Мысль, никогда не покидающая заключенных, — свобода! — мгновенно пронзила затуманенный мозг Дантеса.
Этот звук донесся до него в ту самую минуту, когда все звуки должны были навсегда умолкнуть для него, и он невольно подумал, что бог, наконец, сжалился над его страданиями и посылает ему этот шум, чтобы остановить его у края могилы, в которой он уже стоял одной ногой. Как знать, может быть, кто-нибудь из его друзей, кто-нибудь из тех дорогих его сердцу, о которых он думал до изнеможения, сейчас печется о нем и пытается уменьшить разделяющее их расстояние.
Не может быть, вероятно, ему просто почудилось, и это только сон, реющий на пороге смерти.
Но Эдмон все же продолжал прислушиваться. Поскребывание длилось часа три Потом Эдмон услышал, как что-то посыпалось, после чего все стихло.
Через несколько часов звук послышался громче и ближе. Эдмон мысленно принимал участие в этой работе, и уже не чувствовал себя столь одиноким; и вдруг вошел тюремщик.
Прошла неделя с тех пор, как Дантес решил умереть, уже четыре дня он ничего не ел; за это время он ни разу не заговаривал с тюремщиком, не отвечал, когда тот спрашивал, чем он болен, и отворачивался к стене, когда тот смотрел на него слишком пристально. Но теперь все изменилось: тюремщик мог услышать глухой шум, насторожиться, прекратить его и разрушить последний проблеск смутной надежды, одна мысль о которой оживила умирающего Дантеса.
Тюремщик принес завтрак.
Дантес приподнялся на постели и, возвысив голос, начал говорить о чем попало — о дурной пище, о сырости, он роптал и бранился, чтобы иметь предлог кричать во все горло, к великой досаде тюремщика, который только что выпросил для больного тарелку бульона и свежий хлеб. К счастью, он решил, что Дантес бредит, поставил, как всегда, завтрак на хромоногий стол и вышел. Эдмон вздохнул свободно и с радостью принялся слушать.
Шум стал настолько отчетлив, что он уже слышал его, не напрягая слуха.
— Нет сомнения, — сказал он себе, — раз этот шум продолжается и днем, то это, верно, какой-нибудь несчастный заключенный вроде меня трудится ради своего освобождения. Если бы я был подле него, как бы я помогал ему!
Потом внезапная догадка черной тучей затмила зарю надежды; ум, привыкший к несчастью, лишь с трудом давал веру человеческой радости. Он почти не сомневался, что это стучат рабочие, присланные комендантом для какой-нибудь починки в соседней камере.
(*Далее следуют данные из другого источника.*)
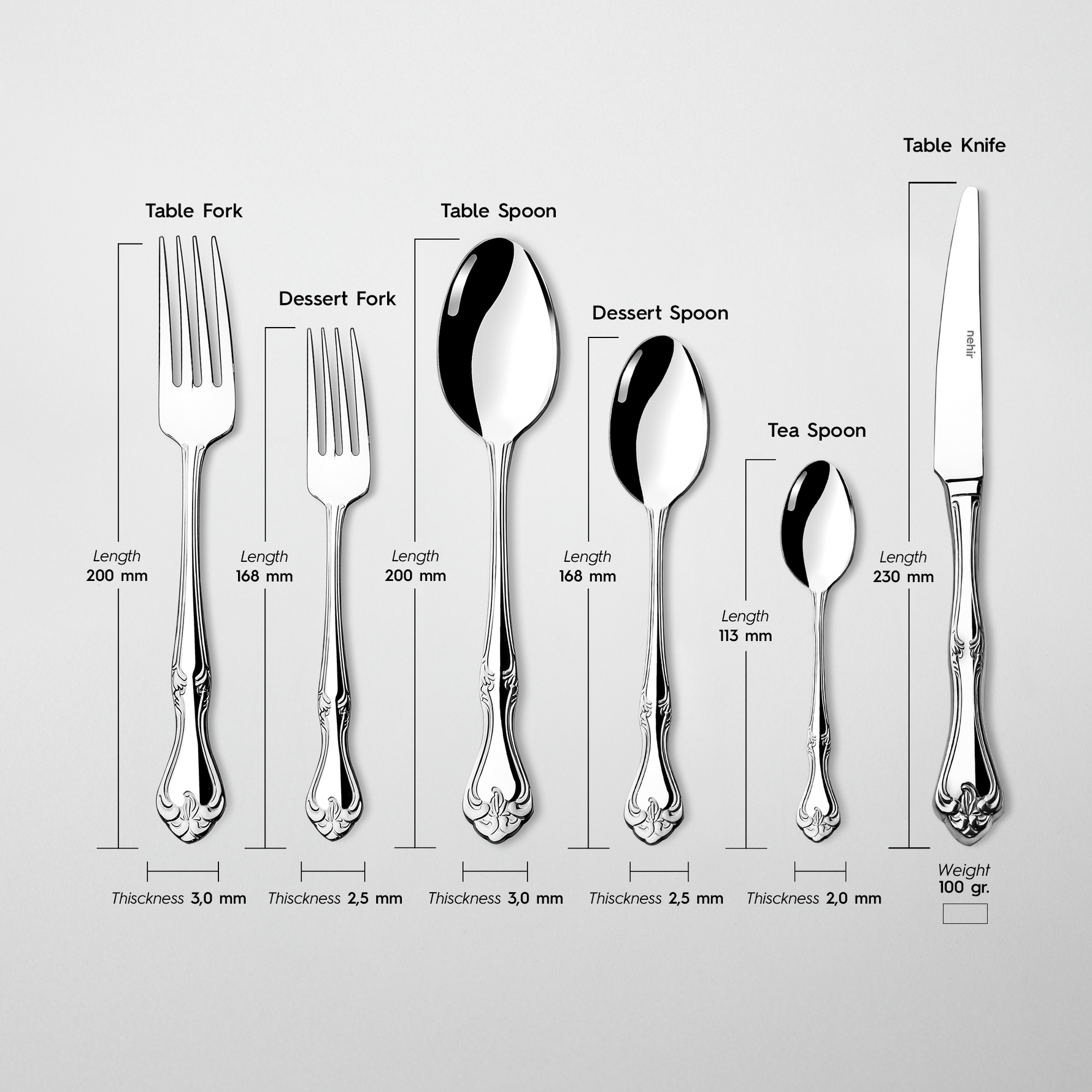 Made in Turkey: The LALEZAR Mirror Finish Cutlery Set is meticulously crafted by expert artisans at Nehir in Turkey. High craftsmanship and quality are incorporated into every piece, adding an elegant touch to your dining table.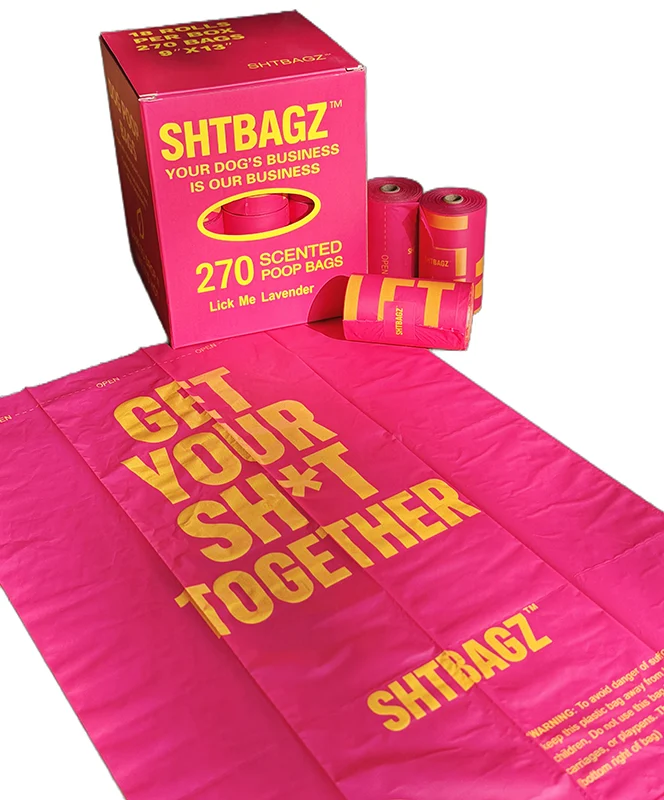 Shop Each Box Contains: 270 Hot pink bags (18 rolls) Sassy phrases on each bag One end says open, the other doesn’t Plant-based FREE SHIPPING for 3+ box orders Get A Box $20.00 SHTBAGZ quantity Add to cart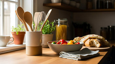 The image depicts a kitchen counter with various cooking utensils and ingredients. A wooden utensil holder contains spoons and a whisk, while a bowl of fresh fruits sits next to it. A jar of pasta and some potted herbs are also visible. The counter is neatly organized, suggesting a preparation for cooking or baking.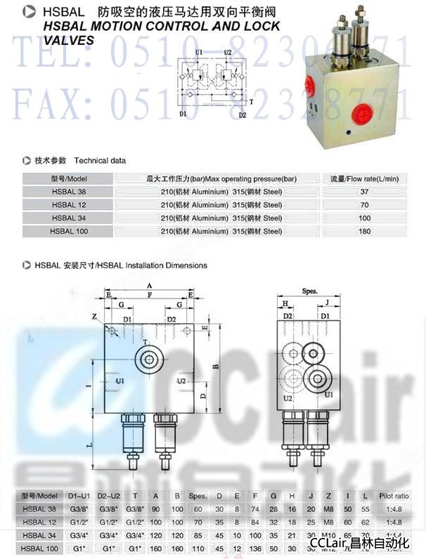 HSBAL 38,HSBAL 12,HSBAL 34,HSBAL 100,防吸空的液壓馬達(dá)用雙向平衡閥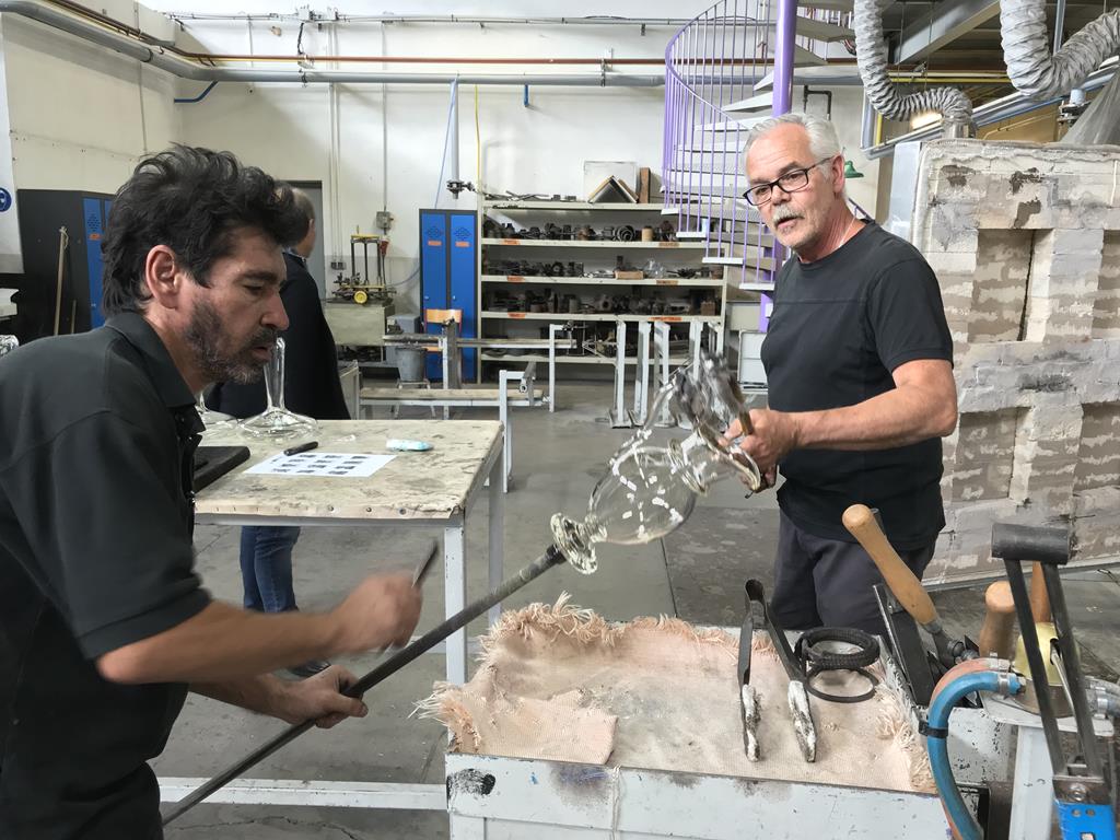 This is the process of making a carafe Bontemps. The step depicted is called "Annealing"(from the Mingei project).
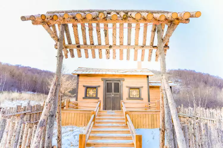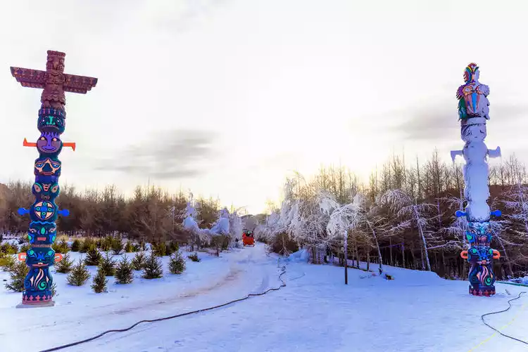 There are twelve different Manchu totem pillars at the entrance of the forest area. The totem pillars are composed of the water god, fire god, Hercules, wind god, direction god, and lightning god, which show the primitive worship of natural phenomena by the Manchu ancestors.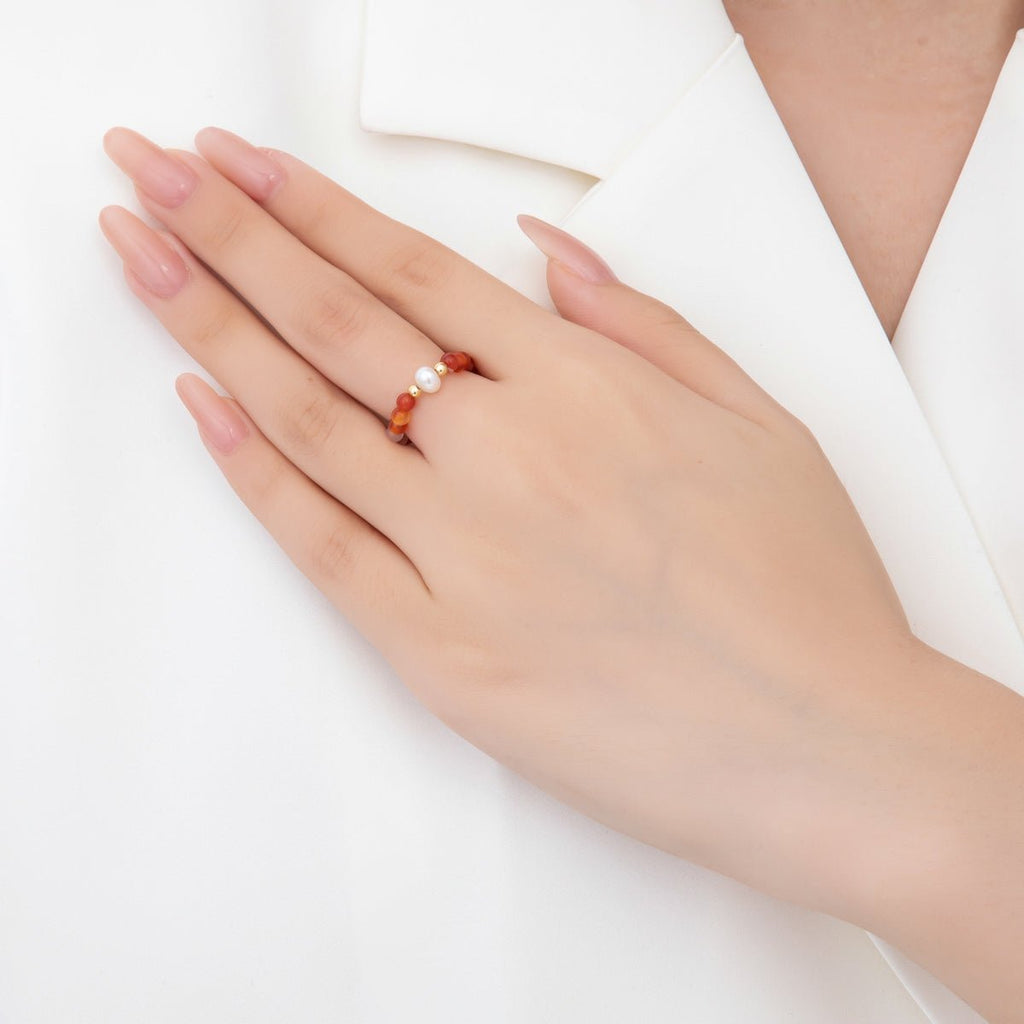 18K Gold Filled Orange Carnelian Gemstone Pearl Ribbed Bead Stretch Ring | O053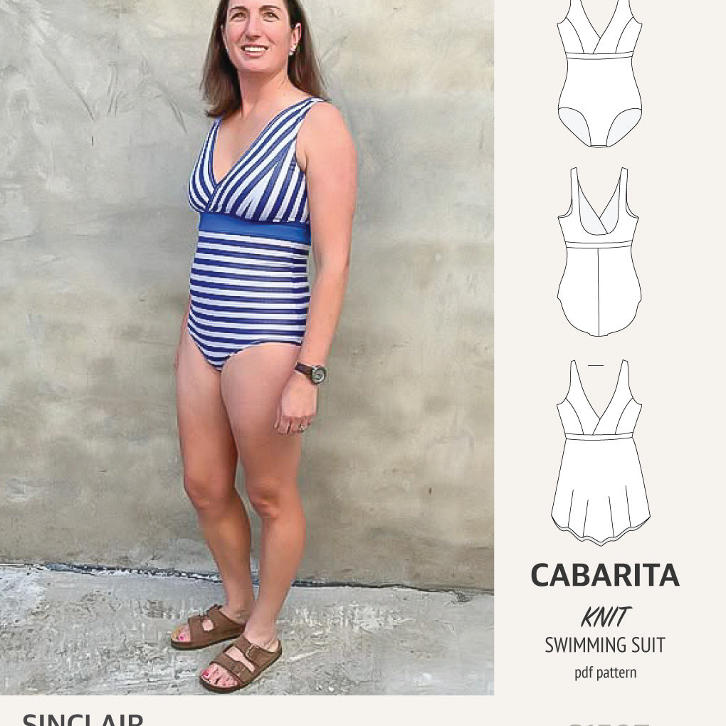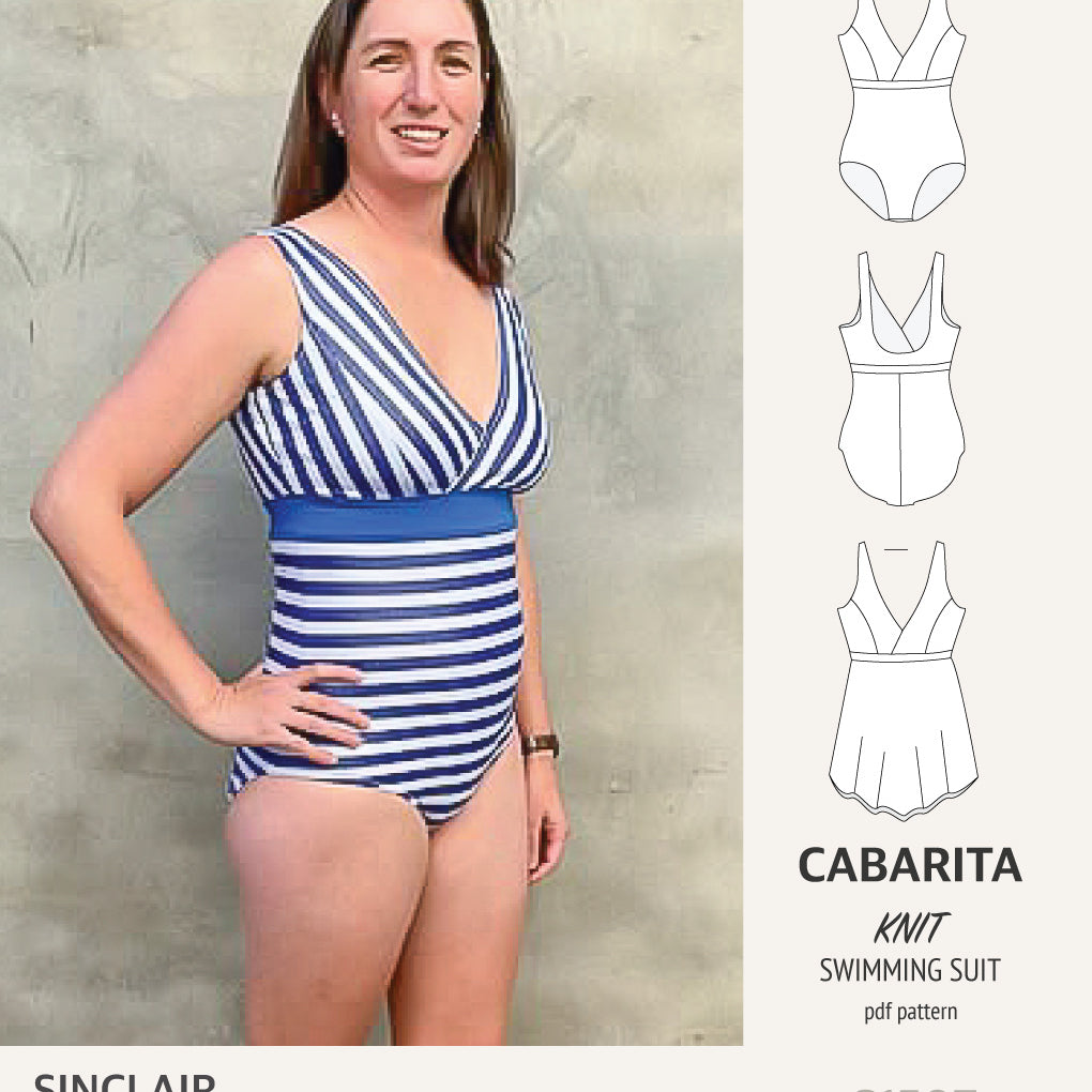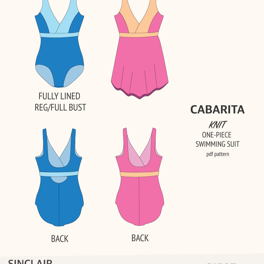 Cabarita V neckline one-piece swimming suit with a skirt overlay (PDF)

Удостовериться в этом было не трудно, но как решиться задать вопрос?
Конечно, проще всего было бы подождать тюремщика, указать ему на шум и посмотреть, с каким выражением он будет его слушать; на не значило ли это ради мимолетного удовлетворения рисковать, быть может, спасением?..
Голова Эдмона шла кругом; он так ослабел, что мысли его растекались, точно туман, и он не мог сосредоточить их на одном предмете. Эдмон видел только одно средство возвратить ясность своему уму: он обратил глаза на еще не остывший завтрак, оставленный тюремщиком на столе, встал, шатаясь, добрался до него, взял чашку, поднес к губам и выпил бульон с чувством неизъяснимого блаженства.
У него хватило твердости удовольствоваться этим; он слыхал, что, когда моряки, подобранные в море после кораблекрушения, с жадностью набрасывались на пищу, они умирали от этого. Эдмон положил на стол хлеб, который поднес было ко рту, и снова лег. Он уже не хотел умирать.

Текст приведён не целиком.